Landing in Korea

Screen Shot 2015-08-25 at 12.23.32 AMAs a person who lived in the future I couldn’t remember a time in my life when I wasn’t plotting my next move or setting my newest goal. At the age of nine I started imagining my dreams for the future, and over the next 14 years every decision I made had been with that life plan in mind. I had gotten into my ideal college,  graduated with the degree I had intended upon, and managed to land a few internships which gave me all of the experience I could have asked for in order to fall seamlessly into my dream job the Monday after I moved the tassel on my cap from right to left.

Let me elaborate when I say dream job. As a senior in high school I wrote in a paper that my dream job once graduating college would be working as an assistant for a boutique luxury wedding and event planning firm in Chicago, ideally with four to five seasoned planners. Four years later, and exactly 13 days before my graduation, I was offered a position as the studio manager for one of the foremost luxury wedding and event planning companies in Chicago. And there were precisely five senior event planners at that time. 

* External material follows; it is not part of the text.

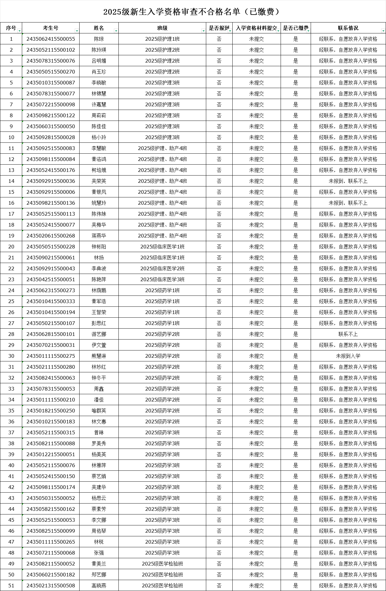根據(jù)《福建衛(wèi)生職業(yè)技術(shù)學(xué)院高等學(xué)歷繼續(xù)教育學(xué)生學(xué)籍管理規(guī)定》第一章第一條規(guī)定:“按高校學(xué)歷繼續(xù)教育招生統(tǒng)一考試錄取的新生,入學(xué)時須持我校簽發(fā)的《錄取通知書》和有關(guān)證件,按學(xué)校有關(guān)要求和規(guī)定的期限到校辦理入學(xué)手續(xù)。因故不能按期入學(xué)者,應(yīng)以書面形式向繼續(xù)教育學(xué)院提出延遲入學(xué)申請,延遲時間一般不得超過面授學(xué)時的1/3。未申請或者申請逾期者,除因不可抗力等正當(dāng)事由外,視為放棄入學(xué)資格。”經(jīng)班主任聯(lián)系確認(rèn)、學(xué)院核查,2025級陳瓊等51名錄取新生逾期未辦理入學(xué)手續(xù)(具體名單見附件),未提交入學(xué)資格審核材料,現(xiàn)將相關(guān)情況予以公示。請相關(guān)學(xué)生從即日起5日內(nèi)與本校繼續(xù)教育學(xué)院聯(lián)系,辦理退費手續(xù)。

I couldn’t have planned it any better.

About a year later, I found myself at the age of 23 truly living the life I had daydreamed about as a nine year old girl. A prospering career working with, and learning from, the most amazing people, absorbing all of the information I could, in an industry that I loved, the sweetest little apartment in a prime post-grad neighborhood, great friends within walking distance, and a loving family just about an hour away. My perfectly planned, and meticulously curated, reality.

I am not, by nature, a risk taker or a rule breaker.  So why then was I so tempted to press pause on my career and uproot myself to move across the world to do something I’ve never done before? Why was I unraveling the perfect plan that so many girls in their early 20’s would have died for? It was a life changing combination of a quarter life crisis and a taste of wanderlust.

And so, there I went. A traditional girl breaking all of her own rules, trusting a gut instinct and simply saying, “hey, why not”. Since the day I arrived in Korea just over a year ago, two oversized suitcases in hand, I haven’t looked back. While I’m sure I’ll be hopping back into my traditional life in the not so distant future, I’m excited to see where these few years of adventure take me.